For intellectuals with a historical bent of mind, the book, through its 168 pages and six chapters, traces the development of national accounting from the 17th century to the establishment of GDP and its metaphorical rise and fall in the 20th and 21st centuries. After a brief introduction to the conceptual underpinnings of GDP, chapter one traces the history of national accounting from the 18th century to the 1930s through the sad period of the War and the Depression. Chapter two explores the Golden Age from 1945 to 1975. Chapter three details the legacy of the 1970s, a period mirroring the crisis of capitalism. The next chapter is devoted to the period spanning 1995 to 2005, the new paradigm. Chapters five and six deal with our times, the Great Crash and the future 21st-century GDP. This wraps up the book, though one needs to appreciate the extensive scholarly notes on all the references. It is amazing that in just 168 pages, Diane Coyle provides a synoptic overview tracing the history of this artificial, abstract, complex, but exceedingly important statistic from its 18th- and 19th-century precursors through its invention in the 1940s and its post-war golden age, and then through the Great Crash, coming up to speed to the present. The reader learns why this standard measure of the size of a country’s economy was devised, how it has changed over the decades, and what its strengths and weaknesses are.
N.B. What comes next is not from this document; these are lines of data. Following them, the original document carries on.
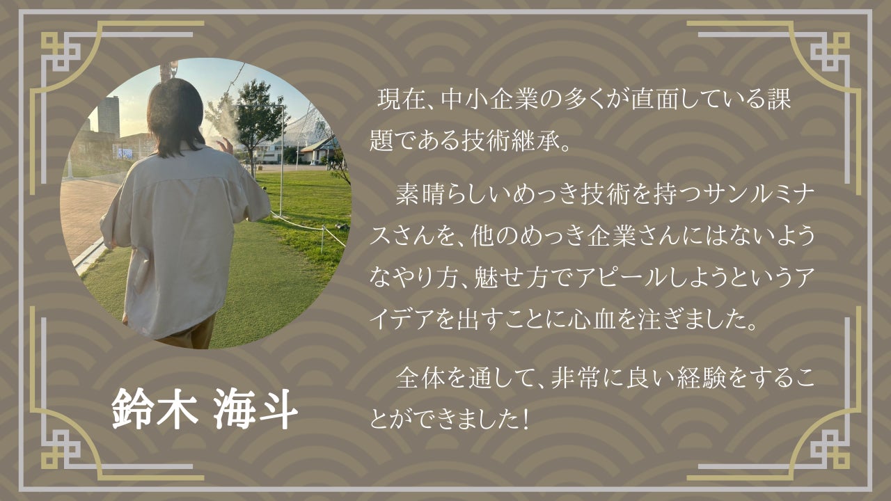 元々下請けが多いめっき業としては、新しいモノを作り、生み出すことが苦手な面があります。ですので、その辺りを学生さんたちに任せることにしました。学生さんたちにとってこのインターンが良い経験となれば、という想いもあります。」
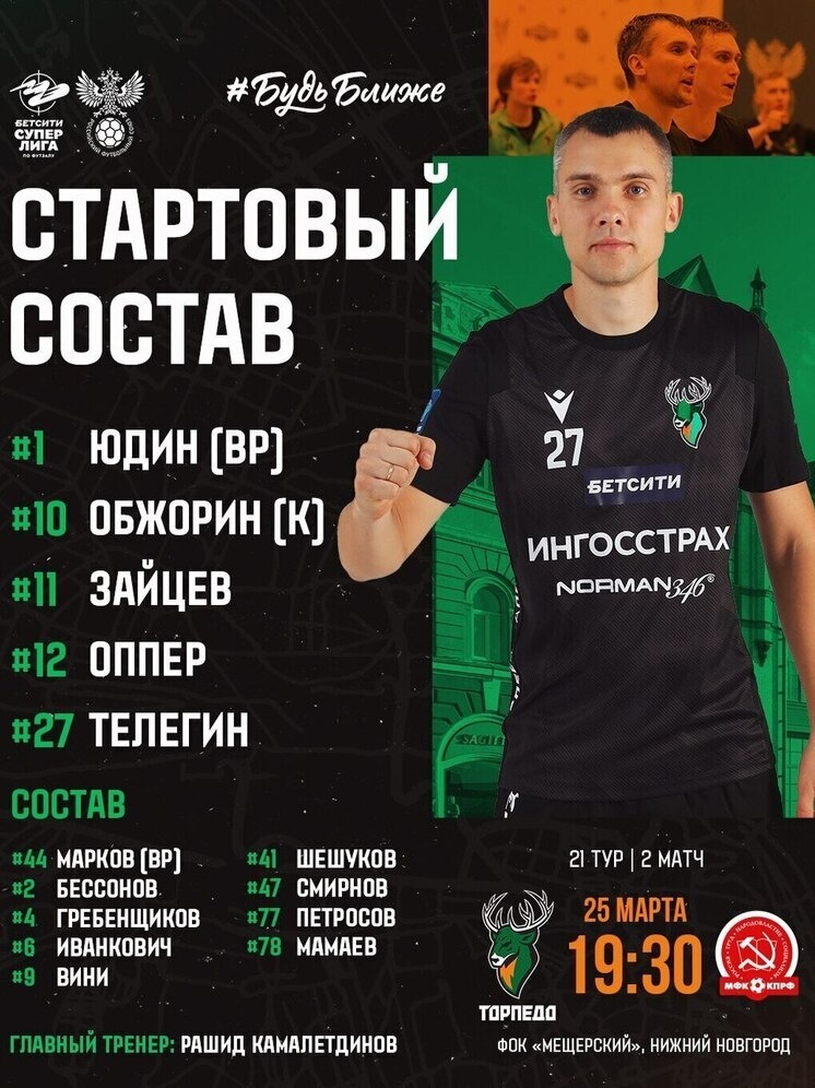 В 21-м туре Чемпионата России по футзалу нижегородское «Торпедо» примет столичный КПРФ на паркете ФОКа «Мещерский». Начало матча в 19:30. Вчерашнее противостояние между командами завершилось победой москвичей с минимальным преимуществом - 4:3. КПРФ занимает третье место в турнирной таблице Суперлиги, имея 83 очка. Подопечные Рашида Камалетдинова - на восьмой строчке, в их копилке 59 баллов. Прямую трансляцию матча смотрите на телеканалах ННТВ и СпортHD.
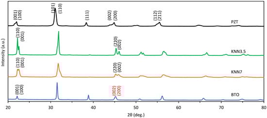 X-ray diffraction (XRD) was used to prove whether ceramic particles used in this study were indeed piezoelectric. The results are presented in Figure 2. The XRD pattern of the BTO ceramic reveals no splitting of the (002)/(200) peaks (Figure 2, shown in red), which is indicative of the piezoelectric tetragonal crystal phase. No splitting of the peaks suggests a cubic lattice structure for the ceramic, without piezoelectric properties [79,80]. The literature also reports nanosized BTO particles (<200 nm) with a cubic lattice structure [38,81,82], and in this study we used ≈122 nm BTO particles, further proving the possibility of no piezoelectric effect occurring in the BTO ceramic used in this study. The XRD pattern of the KNN3.5 particles, on the other hand, shows similarities to orthorhombic KNN patterns reported in the literature [68,70,83,84,85], which have piezoelectric properties. The intensity ratio between (220)/(002) peaks at about 1.52 also suggests a highly orthorhombic lattice structure [84]. KNN7 shows peaks at very similar 2θ degrees in the XRD patterns; however, the peaks are lower compared to KNN3.5. A decrease in the ratio between (220)/(002) peaks (a decrease from 1.52 to 1.1) suggests some co-existence of both orthorhombic and tetragonal phases [84], where both of them are piezoelectric. The XRD pattern of PZT used in this study fits the piezoelectric tetragonal phase pattern reported in the literature [86,87,88,89], with clear peaks in intensities at 21.6°, 22°, 43.9°, and 44.9° [88]. Therefore, only the BTO piezoelectric ceramic used in this study did not have piezoelectric properties, most likely because of the nano-scale particle size.

The book explains why even small changes in GDP can determine the zeitgeist of nations, decide elections, influence major political decisions, and determine whether countries can continue running deficits or be mired in the gloomy troughs of recession. The book ends on a realistic, though sombre note that GDP was a good measure for the 20th century, but is increasingly inappropriate for 21st-century economies driven by innovation, services and intangible goods. For a long time, concerns have been flagged about the adequacy of current measures of economic performance, in particular those based on GDP figures.

Moreover, there are broader concerns, as these figures are clearly not a metric of measures of societal well-being, as well as measures of economic, environmental, and social sustainability. Nevertheless, they are rewarding figures, which tell us where we are and enable us to estimate the distance to where we wish to be. In that sense, it is heartening to know that the GDP is growing at a steady clip. As William Edwards Deming, the noted American statistician, famously said, “In God we trust, all others must bring data.”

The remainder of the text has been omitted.